Many different packages and programs exist for aid in the statistical analysis of such data. One special feature of IDAMS is that it also provides facilities for extensive data validation (e.g. code checking and consistency checking) before embarking on analysis. As far as analysis is concerned, IDAMS performs classical techniques such as table building, regression analysis, one-way analysis of variance, discriminant and cluster analysis and also some more advanced techniques such as principal components factor analysis and analysis of correspondences, partial order scoring, rank ordering of alternatives, segmentation and iterative typology. In addition, WinIDAMS provides for interactive construction of multidimensional tables, interactive graphical exploration of data and interactive time series analysis.
It is a multiple
document interface (MDI) which allows to work simultaneously with
different types of documents in separate windows. The Interface
provides the following:
Aggregating
data (AGGREG). Allows the grouping of records from a number of
cases into one record and to output a new dataset with one record
for each group, for example, records representing members of a household
are grouped into household representing record. The variables in the
new records are summary statistics of specified variables from the
individual records, e.g. the sum, mean, minimum/maximum value. Building
an IDAMS dataset (BUILD). A raw data file (which may contain multiple
records per case) is input along with a dictionary describing the
variables to be selected. BUILD checks for non-numeric values in numeric
fields; blank fields can be recoded to user-specified numeric values
and other non-numerics are reported and replaced by 9's. The output
is an IDAMS dataset comprising a Data file with a single record per
case and a dictionary which describes each field in the data records.

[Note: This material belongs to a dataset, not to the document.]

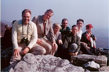 Forgotten woman, but an enduring legacy: Red-hatted Rosalie far right, on North Lookout in 1954 with Hawk Mountain Sanctuary Board. Roger Tory Peterson second from left. Used with permission of Hawk Mountain Sanctuary
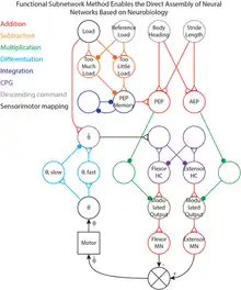 Synthetic Nervous System (SNS) is a computational neuroscience model that may be developed with the Functional Subnetwork Approach (FSA) to create biologically plausible models of circuits in a nervous system.[1] The FSA enables the direct analytical tuning of dynamical networks that perform specific operations within the nervous system without the need for global optimization methods like genetic algorithms and reinforcement learning. The primary use case for a SNS is system control, where the system is most often a simulated biomechanical model or a physical robotic platform.[2][3][4][5][6][7][8] An SNS is a form of a neural network much like artificial neural networks (ANNs), convolutional neural networks (CNN), and recurrent neural networks (RNN). The building blocks for each of these neural networks is a series of nodes and connections denoted as neurons and synapses. More conventional artificial neural networks rely on training phases where they use large data sets to form correlations and thus “learn” to identify a given object or pattern. When done properly this training results in systems that can produce a desired result, sometimes with impressive accuracy. However, the systems themselves are typically “black boxes” meaning there is no readily distinguishable mapping between structure and function of the network. This makes it difficult to alter the function, without simply starting over, or extract biological meaning except in specialized cases.[9][10] The SNS method differentiates itself by using details of both structure and function of biological nervous systems. The neurons and synapse connections are intentionally designed rather than iteratively changed as part of a learning algorithm.

Checking of codes (CHECK). Reports cases which have invalid
variable values. Valid codes for each variable are specified by the
user and/or taken from the dictionary. Checking of consistency
(CONCHECK). Reports cases with inconsistencies between two or more
variables. IDAMS Recode statements are used to specify the logical
relationships to be checked. Checking the merging of records
(MERCHECK). Checks that the correct records are present for each case
in a file with multiple records per case. It outputs a file containing
equal numbers of records per case. Invalid or duplicate records can
be deleted and missing records can be inserted with missing values
specified by the user. Correcting data (CORRECT). Updates
a Data file by applying corrections to individual variable values
for specified cases. The Results file contains a written trace of
corrections allowing them to be archived. Importing/exporting
data (IMPEX). Import is aimed at building IDAMS datasets or matrices
from files coming from other software. The aim of export is to make
possible the use of Data and Matrix files, stored in or created by
IDAMS, in other packages. Free and DIF format text files can be imported/exported.
Listing datasets (LIST). Values for selected variables (original
or recoded) and/or selected cases can be listed in the column format.
Merging datasets (MERGE). Two datasets can be merged by
matching cases according to a common set of variables called match
variables. There are 4 options for selecting cases for the output
dataset: (1) only cases present in both files (intersection); (2)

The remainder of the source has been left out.